START Data excerpts
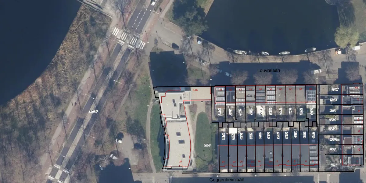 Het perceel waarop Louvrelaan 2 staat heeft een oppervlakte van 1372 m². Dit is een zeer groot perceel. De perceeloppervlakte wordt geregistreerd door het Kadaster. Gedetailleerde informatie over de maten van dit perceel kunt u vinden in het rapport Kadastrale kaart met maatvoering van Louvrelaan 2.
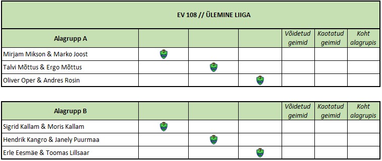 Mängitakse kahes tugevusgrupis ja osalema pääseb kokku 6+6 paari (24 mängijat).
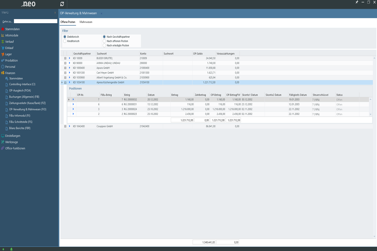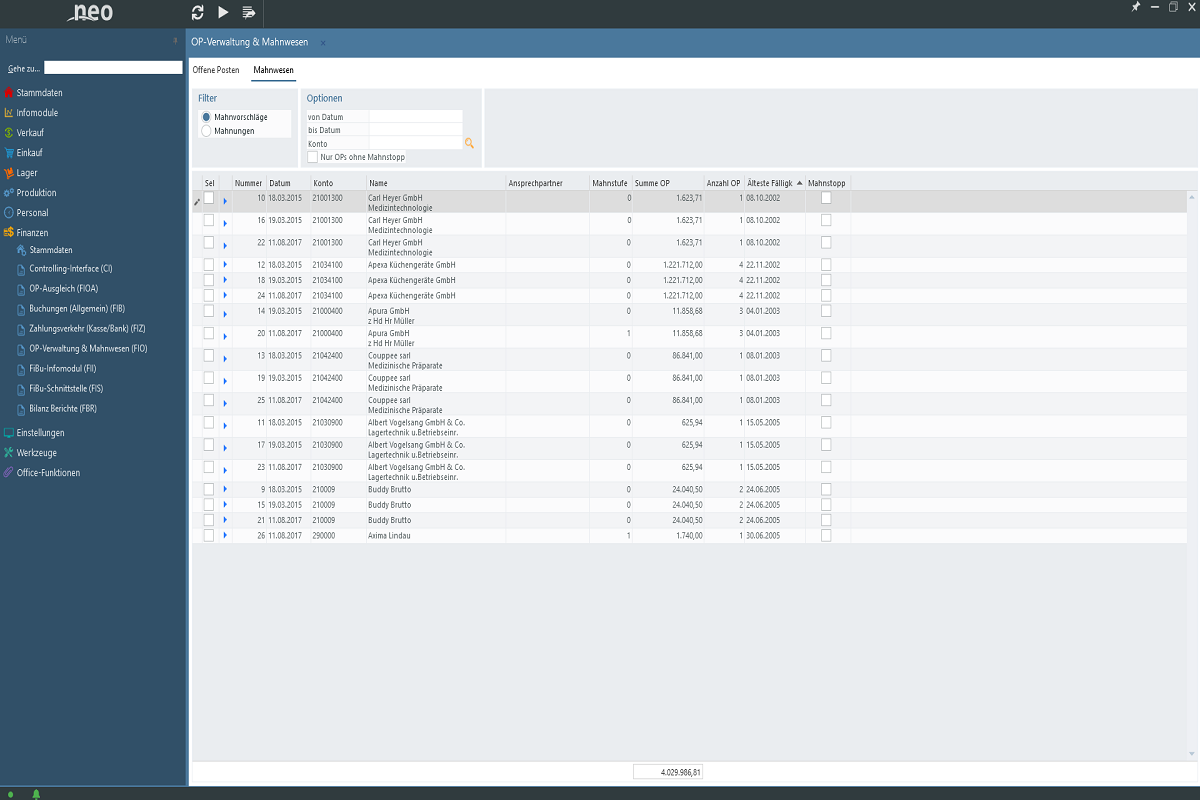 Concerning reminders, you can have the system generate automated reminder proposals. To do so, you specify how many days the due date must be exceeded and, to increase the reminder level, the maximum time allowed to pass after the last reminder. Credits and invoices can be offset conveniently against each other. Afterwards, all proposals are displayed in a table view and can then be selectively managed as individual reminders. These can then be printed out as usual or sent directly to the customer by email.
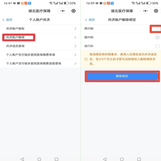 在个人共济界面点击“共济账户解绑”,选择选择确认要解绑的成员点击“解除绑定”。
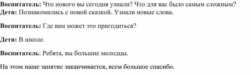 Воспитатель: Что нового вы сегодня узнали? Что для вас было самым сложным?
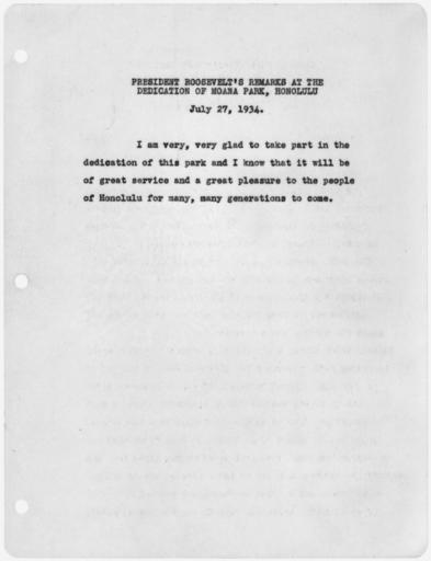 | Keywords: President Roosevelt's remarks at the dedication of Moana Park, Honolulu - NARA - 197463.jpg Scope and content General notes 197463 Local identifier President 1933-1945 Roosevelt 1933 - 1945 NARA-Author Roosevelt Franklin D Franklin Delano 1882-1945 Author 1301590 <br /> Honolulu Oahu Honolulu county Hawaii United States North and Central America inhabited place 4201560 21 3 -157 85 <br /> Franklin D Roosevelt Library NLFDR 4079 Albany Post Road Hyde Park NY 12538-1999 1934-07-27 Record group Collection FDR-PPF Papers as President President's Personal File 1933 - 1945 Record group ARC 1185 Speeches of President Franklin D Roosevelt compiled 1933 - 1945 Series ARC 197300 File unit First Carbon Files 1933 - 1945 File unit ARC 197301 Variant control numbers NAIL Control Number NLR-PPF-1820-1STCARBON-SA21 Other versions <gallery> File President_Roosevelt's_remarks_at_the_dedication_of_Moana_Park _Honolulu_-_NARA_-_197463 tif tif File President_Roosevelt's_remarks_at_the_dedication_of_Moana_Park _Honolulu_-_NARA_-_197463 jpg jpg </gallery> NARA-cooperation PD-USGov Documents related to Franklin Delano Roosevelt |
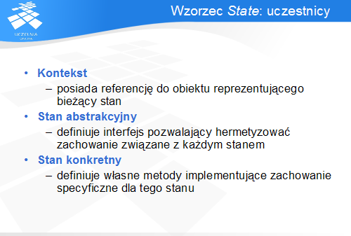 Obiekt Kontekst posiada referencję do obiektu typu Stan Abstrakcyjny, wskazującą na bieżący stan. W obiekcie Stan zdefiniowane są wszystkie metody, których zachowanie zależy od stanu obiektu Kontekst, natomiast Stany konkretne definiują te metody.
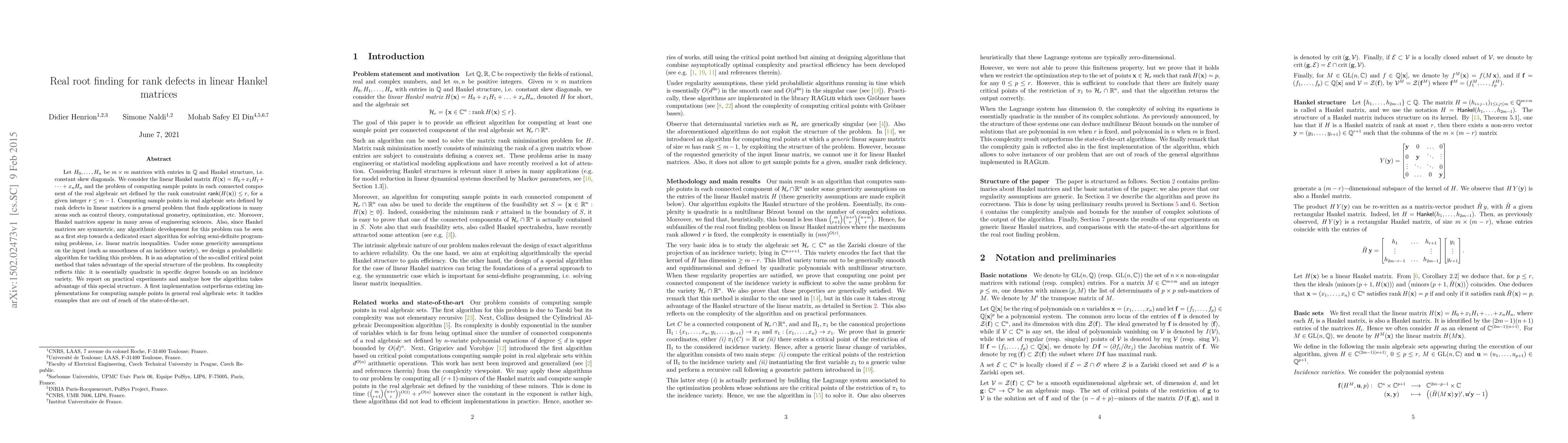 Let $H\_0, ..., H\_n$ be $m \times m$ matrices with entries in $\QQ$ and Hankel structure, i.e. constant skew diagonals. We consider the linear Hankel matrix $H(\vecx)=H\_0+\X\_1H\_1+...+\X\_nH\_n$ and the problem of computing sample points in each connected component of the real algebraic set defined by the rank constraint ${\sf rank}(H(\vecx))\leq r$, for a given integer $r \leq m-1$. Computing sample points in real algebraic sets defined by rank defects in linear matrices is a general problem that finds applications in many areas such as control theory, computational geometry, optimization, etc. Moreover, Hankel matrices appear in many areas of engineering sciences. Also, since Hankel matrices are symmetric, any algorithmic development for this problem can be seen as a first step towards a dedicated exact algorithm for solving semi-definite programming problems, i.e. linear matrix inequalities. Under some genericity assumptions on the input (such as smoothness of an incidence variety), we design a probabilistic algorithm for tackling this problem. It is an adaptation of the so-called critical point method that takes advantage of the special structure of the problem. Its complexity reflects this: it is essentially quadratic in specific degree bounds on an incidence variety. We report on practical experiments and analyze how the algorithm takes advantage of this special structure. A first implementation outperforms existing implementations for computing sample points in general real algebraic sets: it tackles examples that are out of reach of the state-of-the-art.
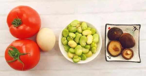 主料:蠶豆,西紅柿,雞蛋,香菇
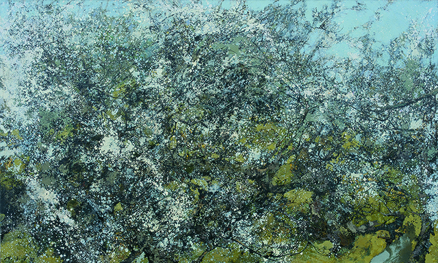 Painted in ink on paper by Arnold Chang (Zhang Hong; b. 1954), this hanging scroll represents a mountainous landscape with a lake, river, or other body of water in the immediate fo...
END Data excerpts
Output the entries above verbatim, with no picture included.

 Het perceel waarop Louvrelaan 2 staat heeft een oppervlakte van 1372 m². Dit is een zeer groot perceel. De perceeloppervlakte wordt geregistreerd door het Kadaster. Gedetailleerde informatie over de maten van dit perceel kunt u vinden in het rapport Kadastrale kaart met maatvoering van Louvrelaan 2.
 Mängitakse kahes tugevusgrupis ja osalema pääseb kokku 6+6 paari (24 mängijat).
 Concerning reminders, you can have the system generate automated reminder proposals. To do so, you specify how many days the due date must be exceeded and, to increase the reminder level, the maximum time allowed to pass after the last reminder. Credits and invoices can be offset conveniently against each other. Afterwards, all proposals are displayed in a table view and can then be selectively managed as individual reminders. These can then be printed out as usual or sent directly to the customer by email.
 在个人共济界面点击“共济账户解绑”,选择选择确认要解绑的成员点击“解除绑定”。
 Воспитатель: Что нового вы сегодня узнали? Что для вас было самым сложным?
 | Keywords: President Roosevelt's remarks at the dedication of Moana Park, Honolulu - NARA - 197463.jpg Scope and content General notes 197463 Local identifier President 1933-1945 Roosevelt 1933 - 1945 NARA-Author Roosevelt Franklin D Franklin Delano 1882-1945 Author 1301590 <br /> Honolulu Oahu Honolulu county Hawaii United States North and Central America inhabited place 4201560 21 3 -157 85 <br /> Franklin D Roosevelt Library NLFDR 4079 Albany Post Road Hyde Park NY 12538-1999 1934-07-27 Record group Collection FDR-PPF Papers as President President's Personal File 1933 - 1945 Record group ARC 1185 Speeches of President Franklin D Roosevelt compiled 1933 - 1945 Series ARC 197300 File unit First Carbon Files 1933 - 1945 File unit ARC 197301 Variant control numbers NAIL Control Number NLR-PPF-1820-1STCARBON-SA21 Other versions <gallery> File President_Roosevelt's_remarks_at_the_dedication_of_Moana_Park _Honolulu_-_NARA_-_197463 tif tif File President_Roosevelt's_remarks_at_the_dedication_of_Moana_Park _Honolulu_-_NARA_-_197463 jpg jpg </gallery> NARA-cooperation PD-USGov Documents related to Franklin Delano Roosevelt |
 Obiekt Kontekst posiada referencję do obiektu typu Stan Abstrakcyjny, wskazującą na bieżący stan. W obiekcie Stan zdefiniowane są wszystkie metody, których zachowanie zależy od stanu obiektu Kontekst, natomiast Stany konkretne definiują te metody.
 Let $H\_0, ..., H\_n$ be $m \times m$ matrices with entries in $\QQ$ and Hankel structure, i.e. constant skew diagonals. We consider the linear Hankel matrix $H(\vecx)=H\_0+\X\_1H\_1+...+\X\_nH\_n$ and the problem of computing sample points in each connected component of the real algebraic set defined by the rank constraint ${\sf rank}(H(\vecx))\leq r$, for a given integer $r \leq m-1$. Computing sample points in real algebraic sets defined by rank defects in linear matrices is a general problem that finds applications in many areas such as control theory, computational geometry, optimization, etc. Moreover, Hankel matrices appear in many areas of engineering sciences. Also, since Hankel matrices are symmetric, any algorithmic development for this problem can be seen as a first step towards a dedicated exact algorithm for solving semi-definite programming problems, i.e. linear matrix inequalities. Under some genericity assumptions on the input (such as smoothness of an incidence variety), we design a probabilistic algorithm for tackling this problem. It is an adaptation of the so-called critical point method that takes advantage of the special structure of the problem. Its complexity reflects this: it is essentially quadratic in specific degree bounds on an incidence variety. We report on practical experiments and analyze how the algorithm takes advantage of this special structure. A first implementation outperforms existing implementations for computing sample points in general real algebraic sets: it tackles examples that are out of reach of the state-of-the-art.
 主料:蠶豆,西紅柿,雞蛋,香菇
 Painted in ink on paper by Arnold Chang (Zhang Hong; b. 1954), this hanging scroll represents a mountainous landscape with a lake, river, or other body of water in the immediate fo...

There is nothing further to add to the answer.